Gallbladder calculus, or cholelithiasis, during pregnancy is a condition characterized by the presence of gallstones in the gallbladder, which can lead to significant morbidity for both the mother and the fetus. This condition is clinically significant due to its potential to cause biliary colic, acute cholecystitis, and complications such as cholangitis and pancreatitis, which can necessitate surgical intervention. Pregnant women, particularly those with a history of cholelithiasis or risk factors like obesity and older age, are at increased risk. Early recognition and management are crucial to mitigate adverse outcomes and ensure optimal maternal and fetal health. This matters in day-to-day practice as timely intervention can prevent severe complications that could jeopardize pregnancy outcomes. 1234

Pathophysiology

The pathophysiology of gallbladder calculus during pregnancy involves several interrelated factors. Hormonal changes, particularly increased levels of estrogen and progesterone, play a pivotal role. These hormones can alter bile composition, leading to increased cholesterol saturation and the formation of cholesterol stones. Additionally, progesterone relaxes the gallbladder sphincter, potentially contributing to stasis and stone formation. Physiological changes such as increased gallbladder volume and altered peristalsis further exacerbate these effects. The growing uterus can also compress the gallbladder, impeding bile flow and increasing the risk of gallstone-related complications. These mechanisms collectively predispose pregnant women to cholelithiasis, necessitating careful monitoring and management to prevent acute episodes. 1234

Epidemiology

The incidence of gallbladder calculus in pregnant women is estimated to range from 0.1% to 1.5%, with higher prevalence observed in certain populations such as those with a history of cholelithiasis, obesity, and advanced maternal age. Geographic and ethnic variations exist, with higher rates reported in certain regions and among specific ethnic groups, likely influenced by dietary habits and genetic predispositions. Over time, the prevalence has shown an increasing trend, paralleling the rise in obesity and metabolic syndrome among reproductive-aged women. These trends underscore the importance of screening and preventive measures in high-risk populations. 1234

Clinical Presentation

Pregnant women with gallbladder calculus typically present with symptoms of biliary colic, characterized by intermittent, severe right upper quadrant abdominal pain that may radiate to the back or right shoulder. Pain often occurs after meals, particularly fatty meals, and can be exacerbated by positional changes. Other common symptoms include nausea, vomiting, and fever in cases of complications like cholecystitis or cholangitis. Red-flag features include persistent high fever, jaundice, and signs of systemic infection, which necessitate urgent evaluation and intervention.

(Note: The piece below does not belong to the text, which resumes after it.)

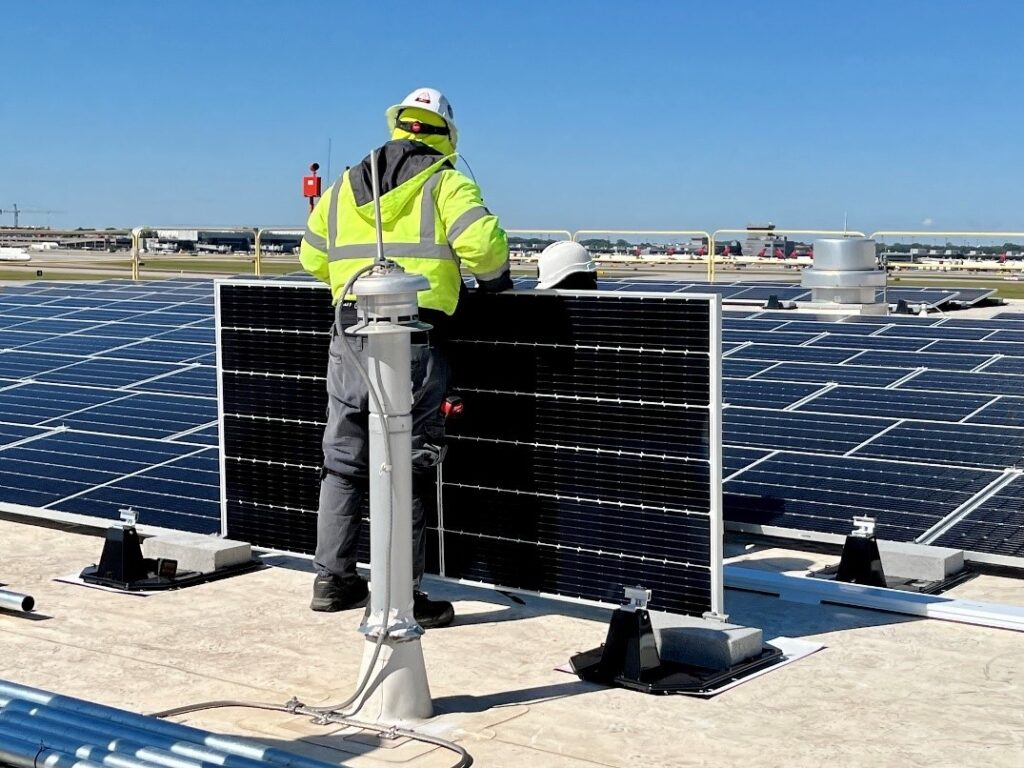 We are working to increase renewable energy use at the airport by installing solar panels on additional buildings. The Commercial Vehicle Hold Lot facility houses a 101-kWh array which was installed in 2017. Currently, we are working with Cherry Street to install additional solar panels. Solar panels were installed on Fire Station 40 in November 2024, and on Fire Station 33 in April 2025. Both arrays provide 40% of the needs of the Fire Stations.

Prompt recognition of these symptoms is crucial to prevent severe complications that could affect both maternal and fetal well-being. 1234

Diagnosis

The diagnostic approach for gallbladder calculus in pregnant women involves a combination of clinical assessment, imaging, and laboratory tests. Initial evaluation includes a thorough history and physical examination to identify characteristic symptoms and signs. Imaging modalities must be carefully selected to minimize radiation exposure to the fetus. Ultrasound is the preferred imaging technique due to its safety and effectiveness in visualizing gallstones. Specific criteria for diagnosis include:

  • Clinical Symptoms: Intermittent right upper quadrant pain, often postprandial.
  • Imaging:
  • - Ultrasound: Presence of gallstones in the gallbladder. - CT Scan: Reserved for cases where ultrasound is inconclusive or complications are suspected; typically performed with shielding to protect the fetus.
  • Laboratory Tests: Elevated liver enzymes (ALT, AST), bilirubin levels, and white blood cell count in cases of infection or inflammation.
  • Differential Diagnosis:
  • - Acute Appendicitis: Pain typically localized to the right lower quadrant. - Hepatitis: Elevated liver enzymes without gallstone visualization. - Preeclampsia: Hypertension, proteinuria, and generalized symptoms rather than localized pain.

    (Evidence: Moderate) 1234

    Management

    Management of gallbladder calculus during pregnancy is multifaceted, aiming to alleviate symptoms, prevent complications, and ensure maternal and fetal safety.

    First-Line Management

  • Conservative Management:
  • - Dietary Modifications: Low-fat diet to reduce biliary stimulation. - Pain Control: Use of analgesics such as acetaminophen (paracetamol) for pain relief. - Hydration: Ensuring adequate hydration to prevent complications like cholangitis. - Activity Modification: Avoiding positions that exacerbate pain and maintaining gentle activity.

    Second-Line Management

  • Medical Therapy:
  • - Ursodeoxycholic Acid (UDCA): Considered safe during pregnancy, used to dissolve small cholesterol stones (500 mg twice daily). - Monitoring: Regular follow-up with ultrasound to assess stone stability and symptom progression.

    Specialist Escalation

  • Surgical Intervention:
  • - Laparoscopic Cholecystectomy: Typically deferred until after delivery due to risks associated with anesthesia and surgery during pregnancy. However, in cases of severe complications like acute cholecystitis or cholangitis, urgent intervention may be necessary. - Timing: Postpartum cholecystectomy is generally recommended, usually within 6-12 weeks postpartum, when maternal and fetal risks are minimized. - Contraindications: Active sepsis, severe maternal instability, or fetal distress requiring immediate delivery.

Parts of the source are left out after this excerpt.